Down and Out in the Magic Kingdom – Day 49 of 61

I took the castmember entrance to the Magic Kingdom, clipping my name tag to my Disney Operations polo shirt, ignoring the glares of my fellow castmembers in the utilidors.

I used the handheld to page Dan. “Hey there,” he said, brightly. I could tell instantly that I was being humored.

“Where are you?” I asked.

“Oh, up in the Square. By the Liberty Tree.”

In front of the Hall of Presidents. I worked the handheld, pinged some Whuffie manually. Debra was spiked so high it seemed she’d never come down, as were Tim and her whole crew in aggregate. They were drawing from guests by the millions, and from castmembers and from people who’d read the popular accounts of their struggle against the forces of petty jealousy and sabotage — i.e., me.

I felt light-headed. I hurried along to costuming and changed into the heavy green Mansion costume, then ran up the stairs to the Square.

I found Dan sipping a coffee and sitting on a bench under the giant, lantern-hung Liberty Tree. He had a second cup waiting for me, and patted the bench next to him. I sat with him and sipped, waiting for him to spill whatever bit of rotten news he had for me this morning — I could feel it hovering like storm clouds.

He wouldn’t talk though, not until we finished the coffee. Then he stood and strolled over to the Mansion. It wasn’t rope-drop yet, and there weren’t any guests in the Park, which was all for the better, given what was coming next.

“Have you taken a look at Debra’s Whuffie lately?” he asked, finally, as we stood by the pet cemetery, considering the empty scaffolding.

I started to pull out the handheld but he put a hand on my arm. “Don’t bother,” he said, morosely. “Suffice it to say, Debra’s gang is number one with a bullet. Ever since word got out about what happened to the Hall, they’ve been stacking it deep. They can do just about anything, Jules, and get away with it.”

My stomach tightened and I found myself grinding my molars. “So, what is it they’ve done, Dan?” I asked, already knowing the answer.

Dan didn’t have to respond, because at that moment, Tim emerged from the Mansion, wearing a light cotton work-smock. He had a thoughtful expression, and when he saw us, he beamed his elfin grin and came over.

“Hey guys!” he said.

“Hi, Tim,” Dan said. I nodded, not trusting myself to speak.

“Pretty exciting stuff, huh?” he said.

“I haven’t told him yet,” Dan said, with forced lightness. “Why don’t you run it down?”

“Well, it’s pretty radical, I have to admit. We’ve learned some stuff from the Hall that we wanted to apply, and at the same time, we wanted to capture some of the historical character of the ghost story.”

I opened my mouth to object, but Dan put a hand on my forearm. “Really?” he asked innocently. “How do you plan on doing that?”

“Well, we’re keeping the telepresence robots — that’s a honey of an idea, Julius — but we’re giving each one an uplink so that it can flash-bake. We’ve got some high-Whuffie horror writers pulling together a series of narratives about the lives of each ghost: how they met their tragic ends, what they’ve done since, you know.

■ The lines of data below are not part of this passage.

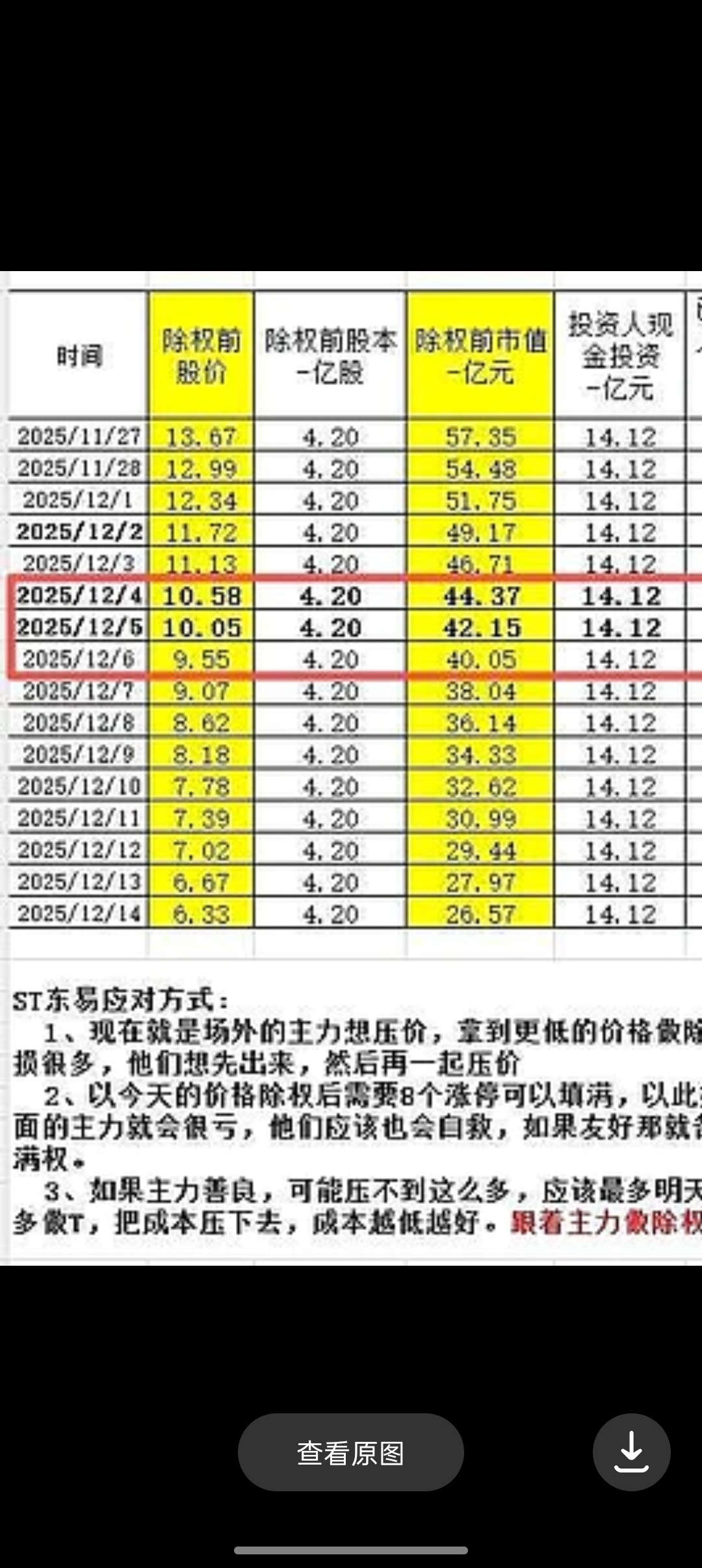 $*ST东易(SZ002713)$ 这位的测算,股价打压到十元的可能性很大,还有四道五个跌停。这个位置一倍加仓,写策略怎么样。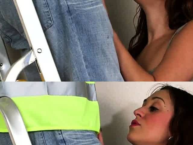 Brunette bitch Aria Valencia shows off her pussy and thong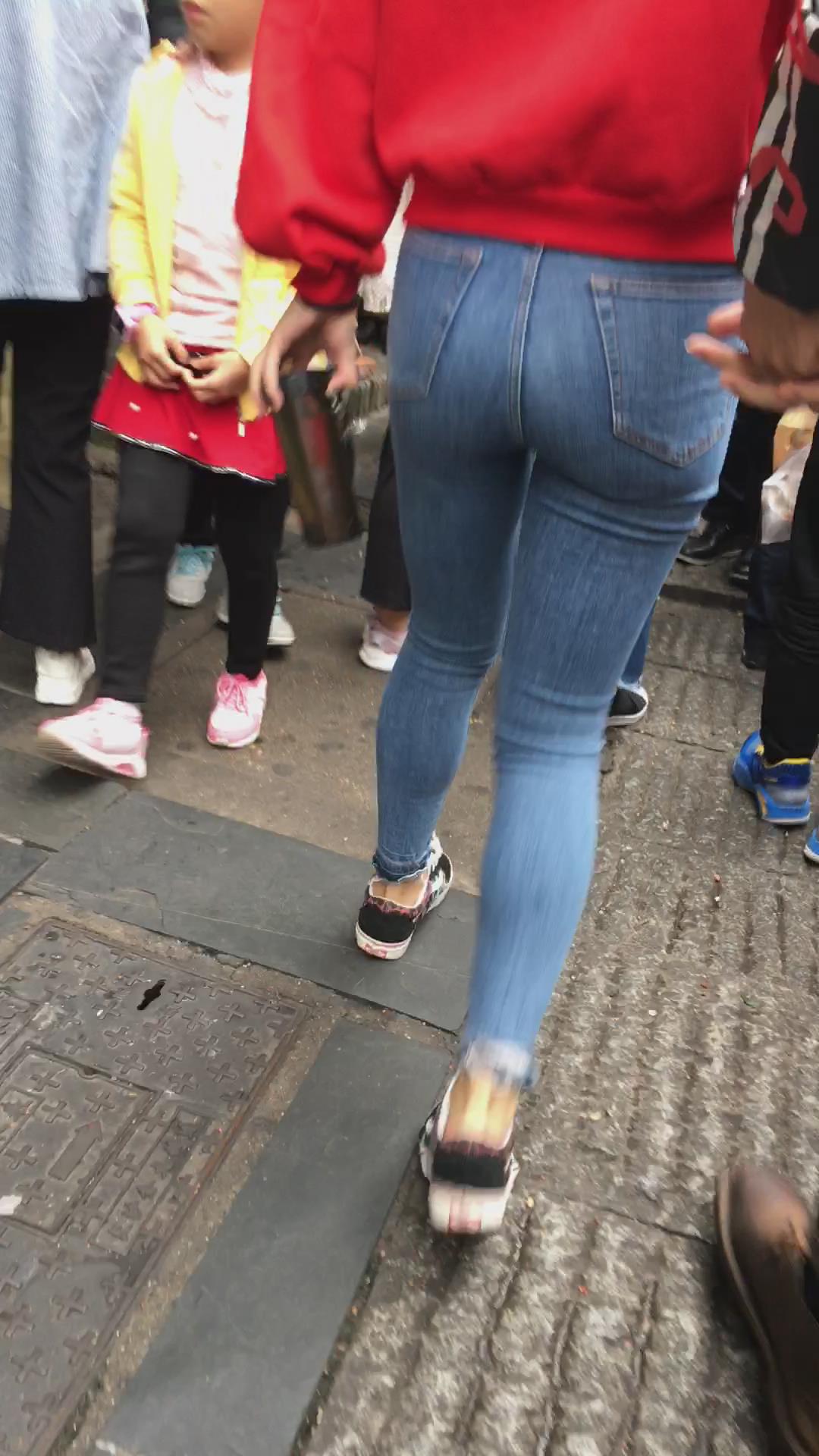 极度紧绷蓝色牛仔裤红衣服街拍美女 编号5337 |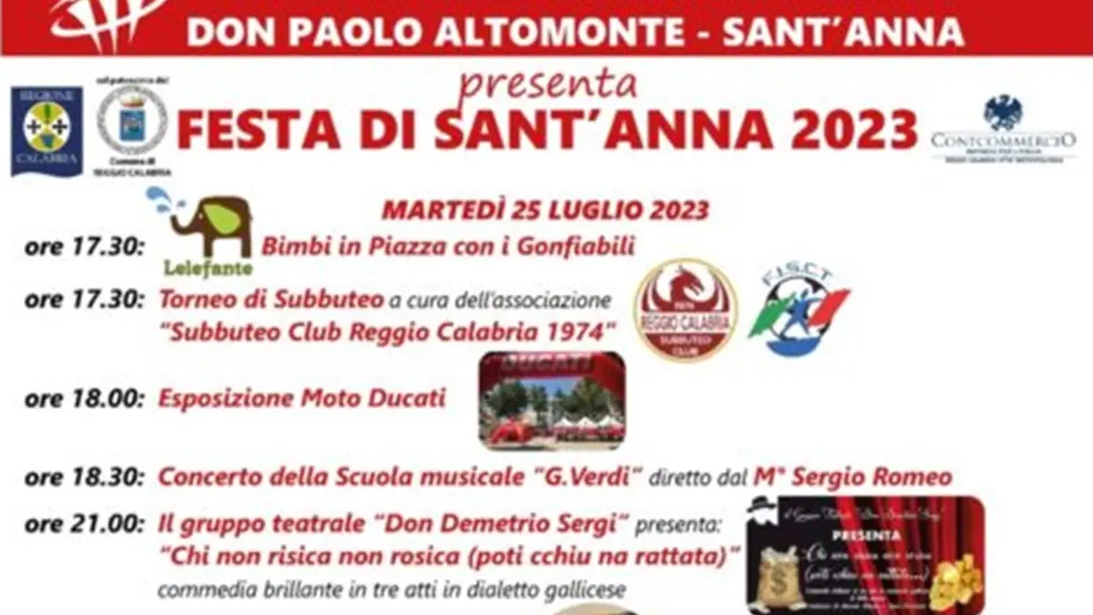 E quest’anno? L’associazione continua a stupire in un crescendo di qualità…Il 25 luglio lo spettacolo inizia con i Bimbi in Piazza ed i gonfiabili, il Torneo di Subbuteo, l’esposizione delle moto Ducati; continua con l’esibizione artistica dei ragazzi della Scuola di Musica G Verdi, poi il Teatro con una pièce comica in dialetto reggino. Conclude la serata la performance artistica di Alfredo Auspici ed i “Mal i Skin” con lo spettacolo “Dio salvi la Reggina”.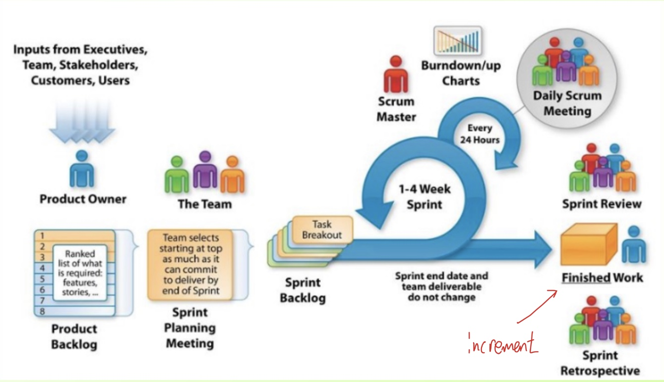 - sprint가 끝나고 잠재적으로 출 시할 수 있는 제품을 increment라고 한다.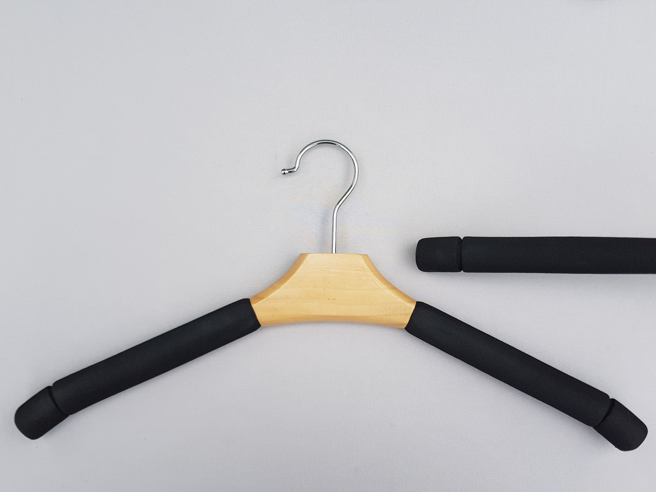 Плічка вішалки тремпеля поролонові чорного кольору з дерев'яною світлої вставкою , довжина 43 см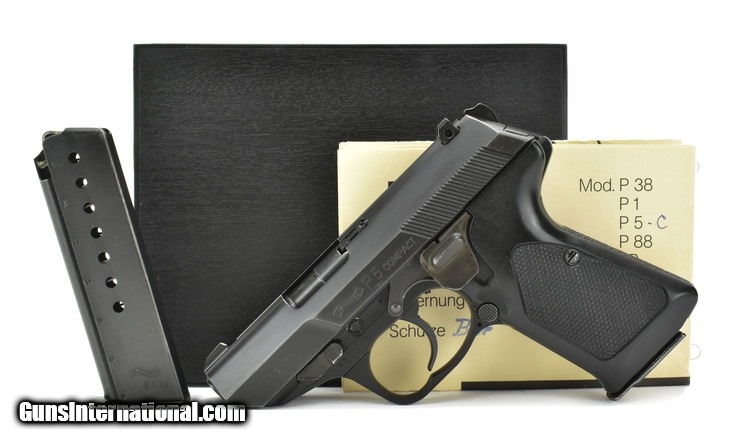 Walther P5 Compact 9mm caliber pistol. Scarce compact model Shows very light use, overall excellent condition with box, magazine, and papers.

“The way we’ve storyboarded it, the guests stream through the ride pretty much the way they do now, walking through the preshow and then getting into the ride-vehicles, the Doom Buggies. But here’s the big change: we slow it all down. We trade off throughput for intensity, make it more of a premium product.

“So you’re a guest. From the queue to the unload zone, you’re being chased by these ghosts, these telepresence robots, and they’re really scary — I’ve got Suneep’s concept artists going back to the drawing board, hitting basic research on stuff that’ll just scare the guests silly. When a ghost catches you, lays its hands on you — wham! Flash-bake! You get its whole grisly story in three seconds, across your frontal lobe. By the time you’ve left, you’ve had ten or more ghost-contacts, and the next time you come back, it’s all new ghosts with all new stories. The way that the Hall’s drawing ’em, we’re bound to be a hit.” He put his hands behind his back and rocked on his heels, clearly proud of himself.

When Epcot Center first opened, long, long ago, there’d been an ugly decade or so in ride design. Imagineering found a winning formula for Spaceship Earth, the flagship ride in the big golf ball, and, in their drive to establish thematic continuity, they’d turned the formula into a cookie-cutter, stamping out half a dozen clones for each of the “themed” areas in the Future Showcase. It went like this: first, we were cavemen, then there was ancient Greece, then Rome burned (cue sulfur-odor FX), then there was the Great Depression, and, finally, we reached the modern age. Who knows what the future holds? We do! We’ll all have videophones and be living on the ocean floor. Once was cute — compelling and inspirational, even — but six times was embarrassing. Like everyone, once Imagineering got themselves a good hammer, everything started to resemble a nail. Even now, the Epcot ad-hocs were repeating the sins of their forebears, closing every ride with a scene of Bitchun utopia.